Отдышавшись и немного придя в себя, Валерка решила проявить неповиновение – в конце концов, он же не сказал ей: «Это приказ», а просто как бы посоветовал… Только предатели прячутся в рощах, когда погибают их боевые товарищи! И, не колеблясь, она трусцой припустила к месту трагедии. Выбравшись из рощицы, сразу увидела мертвую обгоревшую девушку без лица, перевернула – и по светлым окровавленным волосам, закрученным на бумажки («Ах, вот откуда у нее такая пышная грива была – она на ночь папильотки себе крутила!» – прошла на заднем плане неуместная мысль), узнала связистку Киру, тоже сбежавшую на фронт, правда уже после школы. Кира сжимала в обугленной руке пистолет – и, секунду подумав, Валерка осторожно разжала ее черные пальцы, вынула оружие и посмотрела: немецкий – наверно, из лейтенантов-ухажеров кто-то трофейный подарил, вот какие подарки теперь делают любимым девушкам… Обращаться с оружием Лека умела уже давно – кто только не показывал! Она быстро проверила пистолет, убедилась, что Кира не успела сделать ни одного выстрела, и рысью побежала дальше, сжимая тяжелую рукоять. С этой секунды она почувствовала себя взрослой и смелой, ни минуты не сомневаясь: появись сейчас перед ней верзила-фашист – и ему не поздоровится.

– Занять левый фланг! – крикнул ей незнакомый командир, когда Лека скатилась в небольшой овраг, где отстреливалась из чего попало кучка штабных мужчин и женщин, а с ними каптер и повар; в пылу боя никто не обратил внимания на то, что она – ребенок, видели только боевую единицу с оружием в руках.
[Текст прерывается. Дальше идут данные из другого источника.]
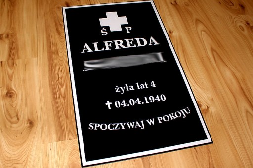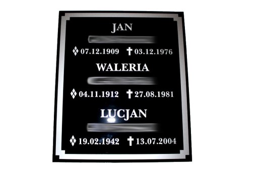 Na niniejszej aukcji oferujemy wysokiej jakości tarczę nagrobną wykonaną z mocno błyszczącego tworzywa (połysk zbliżony do szkła) oraz odpornej na warunki atmosferyczne folii samoprzylepnej.

– Есть! – браво рявкнула Валерка, повернулась влево и выстрелила.

– Патроны беречь! – тут же последовал приказ, и все дружно стрелять перестали.
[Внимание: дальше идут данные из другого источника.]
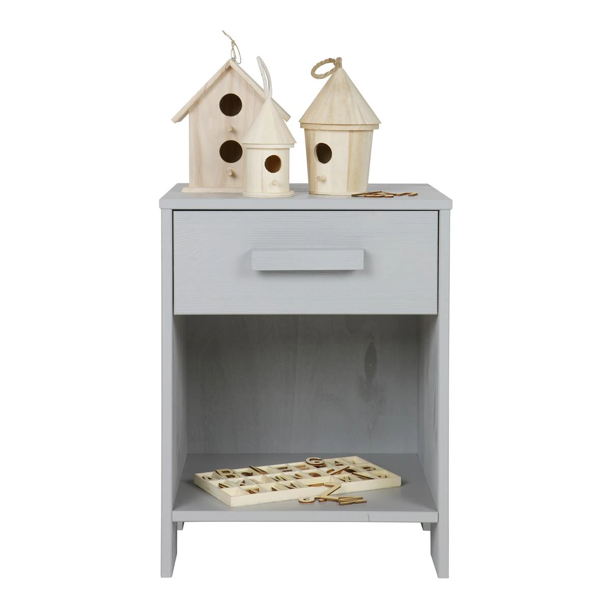 Het Dennis Nachtkastje is een handig en stijlvol houten meubel voor naast je bed. Het kastje is voorzien van een lade en een open opbergruimte. Ideaal voor het gebruik van een nachtlampje of voor het opbergen van je leesboek, bril of telefoon.

– Ур-ра-а-а! – густо грянуло из-за близкой рощицы, и сразу же мерно задрожала земля под ногами часто бегущей пехоты. – Ур-ра-а-а!

– Наши! Наши! – прорыдала рядом с Валеркой незнакомая немолодая женщина с петлицами сержанта, схватила ее в потные объятья и начала качаться вместе с ней из стороны в сторону. – Родненькие!.. Успели!..

* * *

А политрук Введенский обратно до аэродрома не добежал. Пулеметная очередь из уже горевшего, но не пожелавшего признать поражение вражеского танка прошлась по нему прицельно и сразила на месте. Когда Лека с санитарами нашла его среди относительно целых покойников, он лежал навзничь удивительно ровно и смотрел прямо на солнце, стоявшее в низком осеннем зените. От этого глаза его цвета некрепкого чая казались теплыми и живыми, почти прозрачными.

Она осела рядом в бурые палые листья, не замечая, что обеими руками набирает их полные горсти, сжимает вместе с черной землей, и сказала, впервые обратившись к нему так:

– Папа… Это нечестно… Я же тебя спасла…

Она еще не поняла, что на войне – как, впрочем, и в земной жизни в целом, – не бывает никаких окончательных спасений.